The Lisp camp is good at demonstrating the superiority of Lisp as a core language. They then mention that the language is inherently extensible (via macros, for example) by the developer to meet their problem domain.

The Ruby camp, on the other hand, is starting from a Ruby already extended to meet the problem domain of web applications. Rails isn’t just a set of helper classes for web stuff, it’s a domain-specific language for models, controllers, and views. They’ve stolen one of Lisp’s most prize weapons – seamless extension of the language to match the problem – and whacked them with it.

The professional developer simply must consider the language and its available frameworks. Much like Paul Graham’s arguments above, I want to maximize the end result while minimizing my effort. The problem with most of the debate is that when people boil examples down to code, they’re not solving real problems. How many times, in your professional career, have you written a function to generate a Fibonacci sequence?
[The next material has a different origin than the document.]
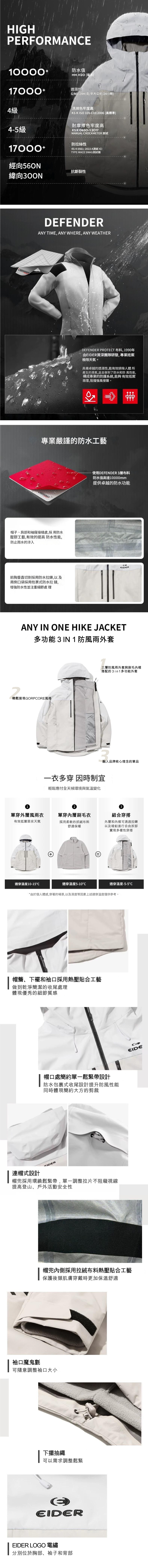 ■ 帽兜、肩部及腋下部分進行熱壓膠條處理,提升防水效果

I did some poking around for tutorials on building a simple, but halfway real, web application in each language. CLiki points me to this tutorial by Pieter Breed. Paul Graham also offers more technical details on how he built his applications, but his framework isn’t publicly available. For Ruby on Rails there are several demonstration screencasts to watch.

Breed’s Lisp-based tutorial takes me back to writing web applications circa 1998 – writing all the SQL by hand, generating HTML in your code, etc.. Ick. Does this imply that Lisp is a bad language for web apps? No, but it implies that the frameworks (or libraries, in Lisp terms) are nowhere near as high-level as Rails. Watch the Rails “create a blog in 15 minutes” video for comparison.
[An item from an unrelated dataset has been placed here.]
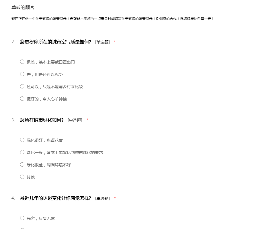 现在正在做一个关于环境的调查问卷!希望能占用您的一点宝贵时间填写关于环境的调查问卷!谢谢您的合作!祝您健康快乐每一天!

[Update 2006-01-21] Frank points out in the comments that there’s an excellent screencast to watch demonstrating the Lisp library Uncommon Web. This looks like a better starting point than Breed’s tutorial. Also, Zak points out this HTML template library, this SQL object/relational mapping system, and other libraries in his comments. Thanks, guys!

Now I don’t mean to bash Lisp here, I’m just commenting on the debate as I see it. Or, more specifically, the part of the debate I’m interested in: the best combination of freely-available language and tools for building web applications. And I define “best” in terms of “will it help me build stuff quick, and not get nasty as the application gets complex?”

Conclusion

It appears from the outside that Lisp, as a language, has the power to equal or better Ruby. But Ruby, when combined with Rails, puts you so far ahead of the game that it doesn’t matter. That balance may change if the Lisp community builds their own Rails-style library, and for the sake of competition challenging everyone to get better, I hope they do.
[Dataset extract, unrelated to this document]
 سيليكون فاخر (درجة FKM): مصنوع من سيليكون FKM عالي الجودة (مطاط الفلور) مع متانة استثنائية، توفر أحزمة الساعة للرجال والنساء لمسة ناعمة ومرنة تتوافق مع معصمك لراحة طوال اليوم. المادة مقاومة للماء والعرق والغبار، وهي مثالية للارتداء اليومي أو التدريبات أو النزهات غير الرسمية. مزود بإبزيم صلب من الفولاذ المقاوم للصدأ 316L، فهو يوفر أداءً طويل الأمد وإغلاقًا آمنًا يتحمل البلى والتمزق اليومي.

For my own edification I plan to learn Lisp better. It’ll serve me well in the short term – I’m still an Emacs geek – and in the long term for how it changes my thinking. Graham again: “…programming languages are not just technology, but what programmers think in. They’re half technology and half religion.”

But the core language is only half the picture. It turns out Ruby is a pretty darn good language. Good enough to create Rails with, and good enough to get things done, right now. As others in the debate have noted, “batteries are included.” That’s a winning combination.

[Update 2006-01-21] Lisp’s problem is a lack of message. It’s hard to tell what the Lisp community considers the best libraries and best practices for building web apps. At best, cliki.net provides an unranked laundry list of of libraries. At worst, it actively misleads potential developers by putting Pieter Breed’s tutorial at the top of its “Web” section.

There are best practices common to nearly all web apps, e.g. separation of presentation and logic, and there are best practices for languages to get maximum leverage from that language’s features. As such, the Lisp community needs their version of David Heinemeier Hansson to bring things together. This figure needs to provide a “happy path” which uses the power of Lisp and the best collection of its libraries to address common web application needs. (Paul Graham, you up for it?)